- [The task]
Look through the listing for the string "removed" and copy out every line that holds it.

-------

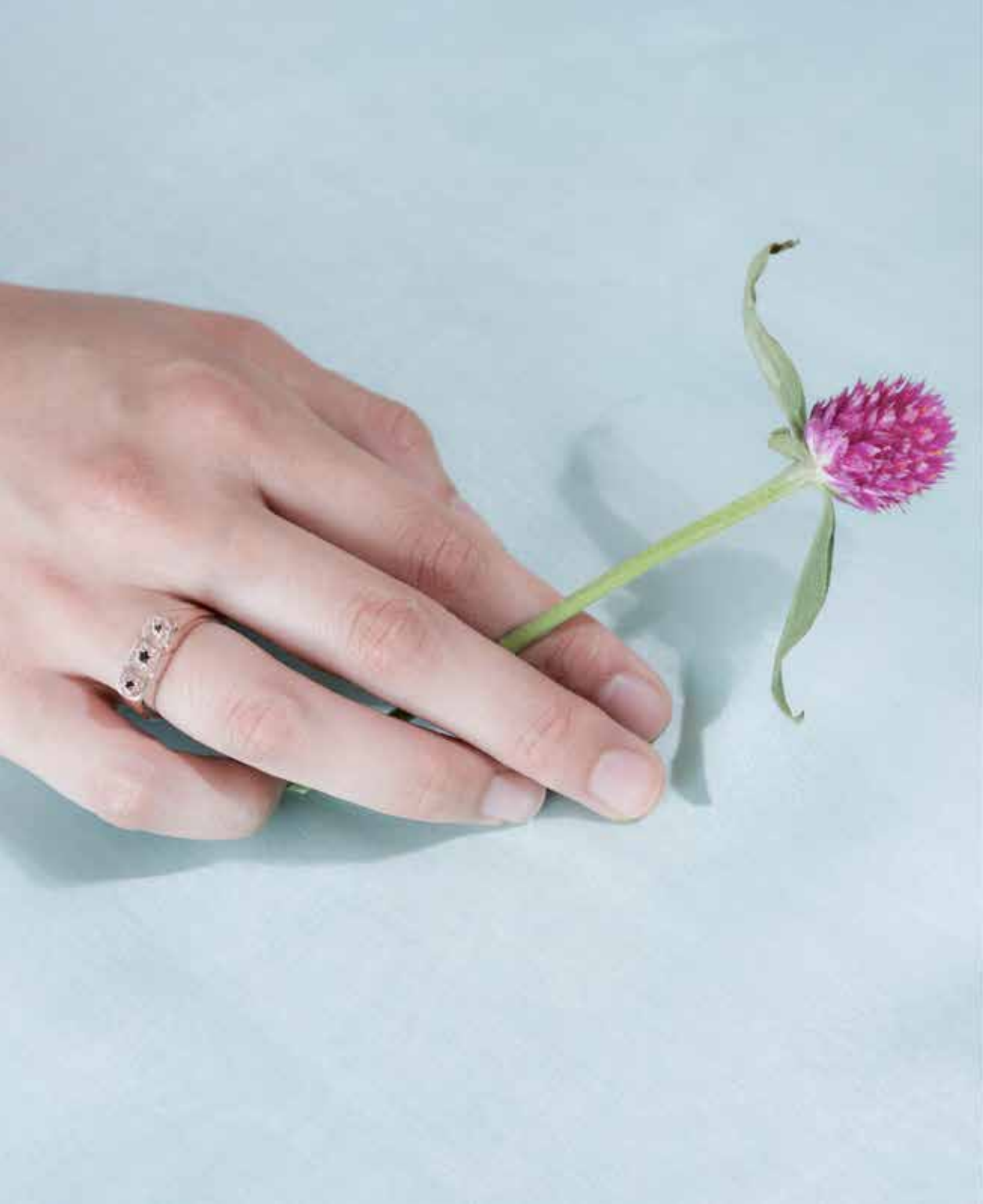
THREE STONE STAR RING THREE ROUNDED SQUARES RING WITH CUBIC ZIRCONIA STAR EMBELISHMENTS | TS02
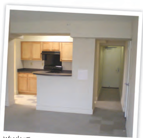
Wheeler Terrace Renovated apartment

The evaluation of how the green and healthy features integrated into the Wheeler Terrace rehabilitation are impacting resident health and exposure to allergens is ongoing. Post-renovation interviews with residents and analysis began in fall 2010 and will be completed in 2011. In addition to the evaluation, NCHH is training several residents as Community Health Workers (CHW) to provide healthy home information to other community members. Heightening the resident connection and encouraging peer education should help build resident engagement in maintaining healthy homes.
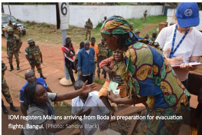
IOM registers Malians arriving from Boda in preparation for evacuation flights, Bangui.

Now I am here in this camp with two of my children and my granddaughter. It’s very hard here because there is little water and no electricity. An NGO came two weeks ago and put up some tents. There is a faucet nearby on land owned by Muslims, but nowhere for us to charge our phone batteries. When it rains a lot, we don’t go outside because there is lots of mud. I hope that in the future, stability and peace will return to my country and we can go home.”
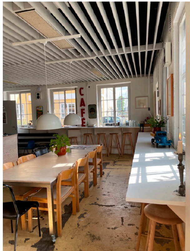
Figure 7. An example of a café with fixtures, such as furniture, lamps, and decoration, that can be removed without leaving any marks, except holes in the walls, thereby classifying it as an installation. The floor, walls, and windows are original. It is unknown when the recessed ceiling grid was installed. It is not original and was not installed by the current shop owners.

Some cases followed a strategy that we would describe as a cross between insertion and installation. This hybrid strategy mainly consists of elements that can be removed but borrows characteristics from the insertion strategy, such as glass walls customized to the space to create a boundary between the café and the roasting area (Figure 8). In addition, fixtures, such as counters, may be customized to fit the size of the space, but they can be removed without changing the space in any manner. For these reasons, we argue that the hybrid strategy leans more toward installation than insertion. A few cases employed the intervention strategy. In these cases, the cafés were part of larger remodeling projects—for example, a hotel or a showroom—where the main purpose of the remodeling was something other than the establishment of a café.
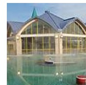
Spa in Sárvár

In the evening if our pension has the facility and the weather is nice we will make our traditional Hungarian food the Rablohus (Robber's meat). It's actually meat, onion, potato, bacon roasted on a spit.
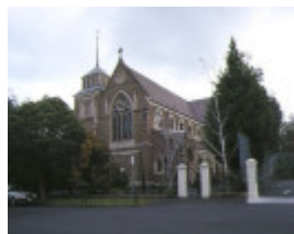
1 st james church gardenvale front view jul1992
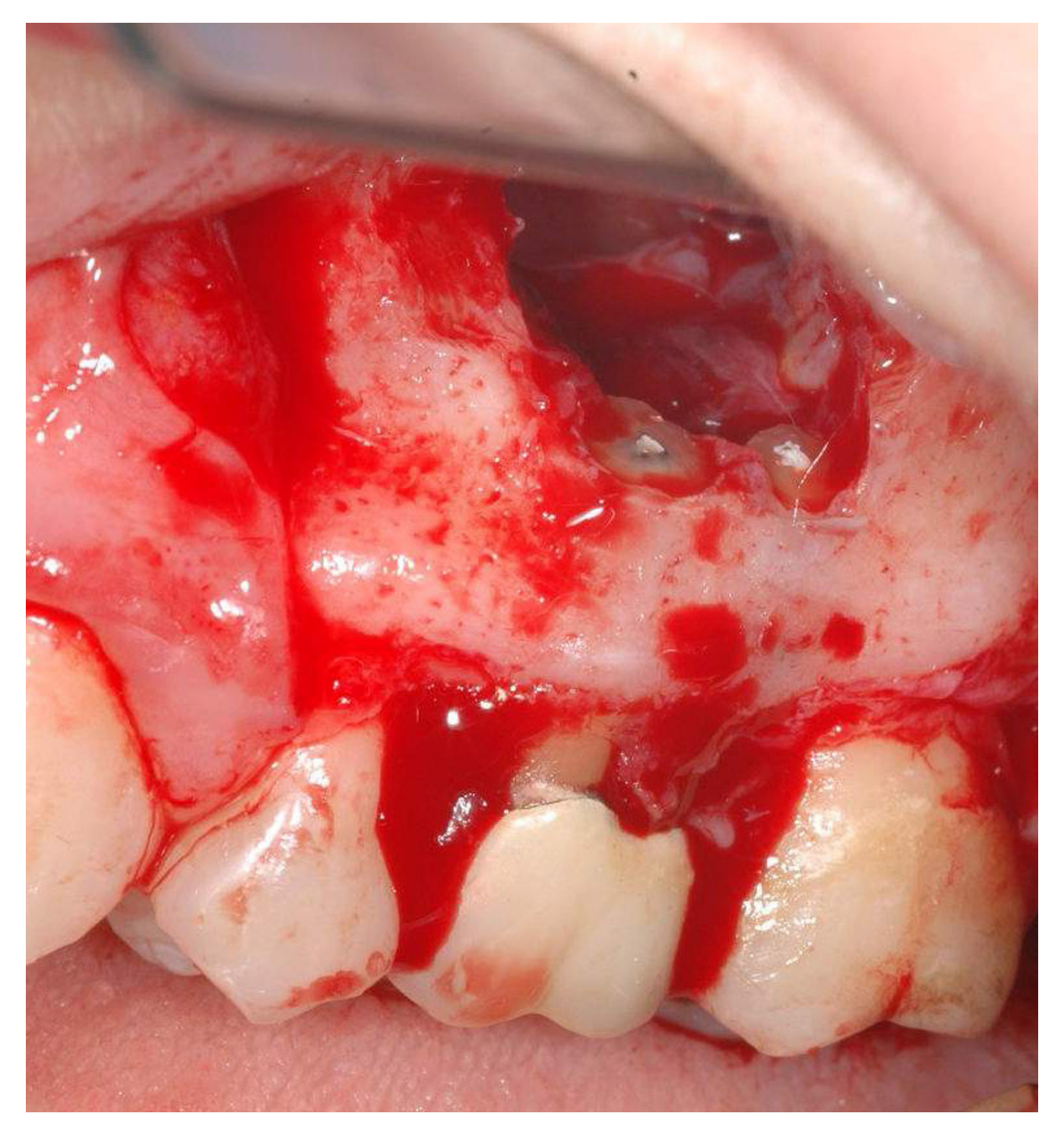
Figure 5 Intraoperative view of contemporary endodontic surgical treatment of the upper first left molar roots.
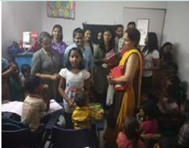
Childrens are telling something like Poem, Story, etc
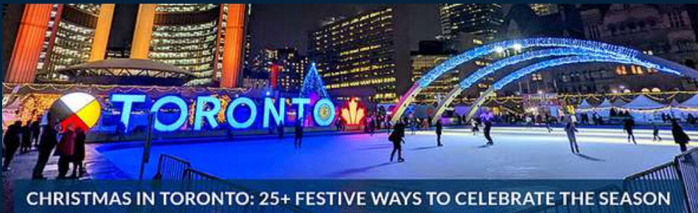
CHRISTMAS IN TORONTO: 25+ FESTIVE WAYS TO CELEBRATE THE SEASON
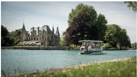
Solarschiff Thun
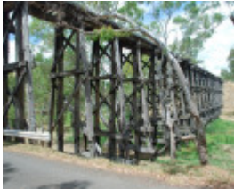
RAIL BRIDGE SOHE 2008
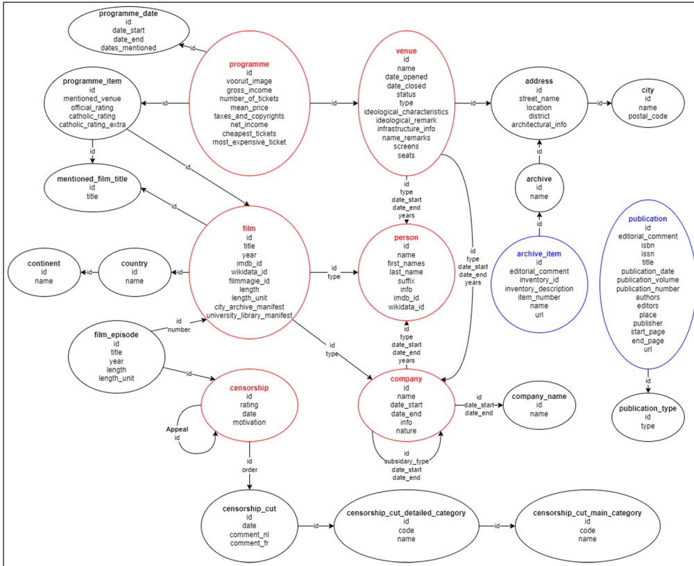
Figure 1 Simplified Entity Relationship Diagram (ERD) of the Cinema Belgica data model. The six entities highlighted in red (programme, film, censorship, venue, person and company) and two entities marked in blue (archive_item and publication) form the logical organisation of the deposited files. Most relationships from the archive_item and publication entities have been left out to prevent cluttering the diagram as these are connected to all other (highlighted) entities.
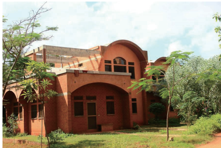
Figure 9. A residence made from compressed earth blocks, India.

-------

- [Answer to this task]
Figure 7. An example of a café with fixtures, such as furniture, lamps, and decoration, that can be removed without leaving any marks, except holes in the walls, thereby classifying it as an installation. The floor, walls, and windows are original. It is unknown when the recessed ceiling grid was installed. It is not original and was not installed by the current shop owners.
Some cases followed a strategy that we would describe as a cross between insertion and installation. This hybrid strategy mainly consists of elements that can be removed but borrows characteristics from the insertion strategy, such as glass walls customized to the space to create a boundary between the café and the roasting area (Figure 8). In addition, fixtures, such as counters, may be customized to fit the size of the space, but they can be removed without changing the space in any manner. For these reasons, we argue that the hybrid strategy leans more toward installation than insertion. A few cases employed the intervention strategy. In these cases, the cafés were part of larger remodeling projects—for example, a hotel or a showroom—where the main purpose of the remodeling was something other than the establishment of a café.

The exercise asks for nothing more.